Nowadays, people are crazy about minting inscriptions on Bitcoin. However, most inscriptions they mint are BRC-20 tokens, which use an application protocol based on the original inscription protocol. Minting BRC-20 tokens on Bitcoin is so appealing because of its fairness and narratives. All participants must pay a fee to mint and follow the transaction ordering rules on the chain.

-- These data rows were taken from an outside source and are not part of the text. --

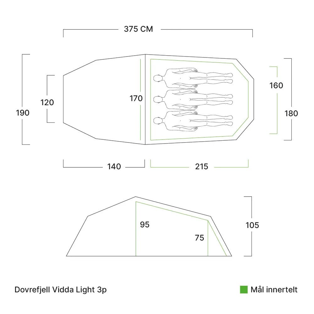Vidda Light 3p on kompakti tunneliteltta, jossa on tilaa kolmelle hengelle.
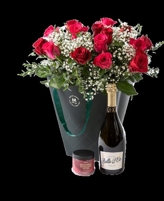 Mester Grønn Eksklusiv rosebukett med brudeslør i gavebag (fra fredag uke 6) 680,Musserende alkoholfri drikke 100,Sjokoladekuler 70,-
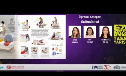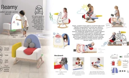 İzmir'de gerçekleştirilen ödül töreninde, Üniversitemizin Sanat, Tasarım ve Mimarlık Fakültesi Endüstriyel Tasarım Bölümü öğrencilerimiz Asu Yılmaz, Öykü Akkaya ve Fatma Doğa Bilgiç, "Reamy" çocuk koltuğu projesi ile üçüncülük ödülünü kazandılar. "Reamy" projesi, çocukların hayal güçlerini serbest bırakmalarını ve mobilya elemanlarını kendi tasarımları doğrultusunda şekillendirebilecekleri bir oyun alanı yaratmayı amaçlıyor. Bu tasarım, "Play Couch" teriminden ilham alarak, çocuklara oyun parkurları ve karakterler oluşturabilecekleri yaratıcı bir deneyim sunuyor. Bu yaratıcı ve işlevsel tasarım, çocukların oyun ve eğitim deneyimlerini geliştirmek için yenilikçi bir yaklaşım sunuyor.

Unlike BRC-20, C-BRC-20 currently only needs two operations: deploy and mint. The "deploy" operation means creating a new C-BRC-20 token. The "mint" operation means minting a C-BRC-20 token. After the inscription of the "mint" operation is revealed on Bitcoin, it will be locked and can only be transferred on the circulating chain.

Operations

Deploy

First, A "deploy" operation is required to deploy a new C-BRC-20 token. After deploying the token on Bitcoin, it can be minted on Bitcoin.

{
  "p": "c-brc-20",
  "op": "deploy",
  "tick": "c-ins",
  "max": "21000000",
  "lim": "1000",
  "dec": "...."
}
Key Required? Full Name Description
p Yes Protocol Identifier of the protocol.
op Yes Operation Types of operation.
tick Yes Ticker The token name has no length limit and can be duplicated. Characters should be limited to 0-9a-z and -.
max Yes Max supply Total supply of the token.
lim No Mint limit Output limit for each minting.
dec No Decimals Decimals, the default value is 18.

Mint & Transfer

These actions should be implemented on a circulating chain using a smart contract. There is no limit to the detail in the implementation, but C-INS does have some recommended practices:

  • The contract should be capable of storing the Inscription ID on Bitcoin and providing an API for retrieval.
  • The minting process should be as fair as possible.